News Release

Ag tech can cut billions of tons of greenhouse gas emissions

Peer-Reviewed Publication

Cornell University

ITHACA, N.Y. - As the Earth’s human population grows, greenhouse gas emissions from the world’s food system are on track to expand. A new study demonstrates that state-of-the-art agricultural technology and management can not only reduce that growth, but eliminate it altogether by generating net negative emissions – reducing more greenhouse gas than food systems add.

In fact, employing additional agricultural technology could result in more than 13 billion tons of net negative greenhouse gas emissions each year, as the world seeks to avoid dangerous climate extremes, according to research published Sept. 6 in PLOS Climate.

The work was led by Benjamin Z. Houlton, the Ronald P. Lynch Dean of the College of Agriculture and Life Sciences at Cornell University, and Maya Almaraz, associate research scholar at Princeton University.

“Our study recognizes the food system as one of the most powerful weapons in the battle against global climate change,” said Houlton. “We need to move beyond silver-bullet thinking and rapidly test, verify and scale local solutions by leveraging market-based incentives.”

The world’s food system network generates between 21% and 37% of the planet’s greenhouse gas emissions each year. With the global population approaching 10 billion by mid-century, greenhouse gas emissions of the global food system – if left unchecked – could grow to 50% and 80% by 2050, according to the paper.

Previous research has indicated that changing diets around the world is a key to reducing greenhouse gas in the food-system sector.

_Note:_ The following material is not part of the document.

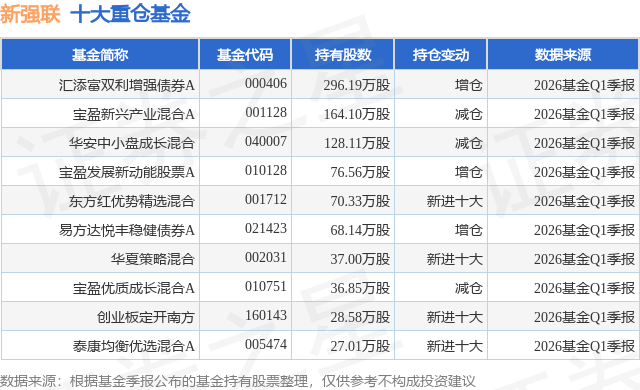 重仓新强联的前十大公募基金请见下表:

But Houlton and Almaraz believe the emission reduction could be much greater.

If the entire human population adopted a so-called “flexitarian” diet by 2050 – which is promoted by the EAT-Lancet Commission (a group of world experts who established a nutritious, healthy and sustainable diet) – the scientists estimated a gross reduction of 8.2 billion metric tons of greenhouse gas emissions, which falls far short of the net negative emissions goal.

“Our study examines both dietary change and agricultural technologies, as various options for slashing emissions,” Almaraz said. “This included an analysis of carbon sequestration.”

In contrast to the marked benefit of agricultural technology in realizing massive sector-wide negative emissions, dietary changes had little effect on carbon sequestration, according to the study. “We only looked at about a dozen technologies,” Almaraz said. “But there are even more under development, which hold a lot of promise for the food system.”

The new model showed that the most effective way to reduce emissions is to boost soil modifications for crops (biochar, compost and rock amendments), develop agroforestry, advance sustainable seafood harvesting practices and promote hydrogen-powered fertilizer production.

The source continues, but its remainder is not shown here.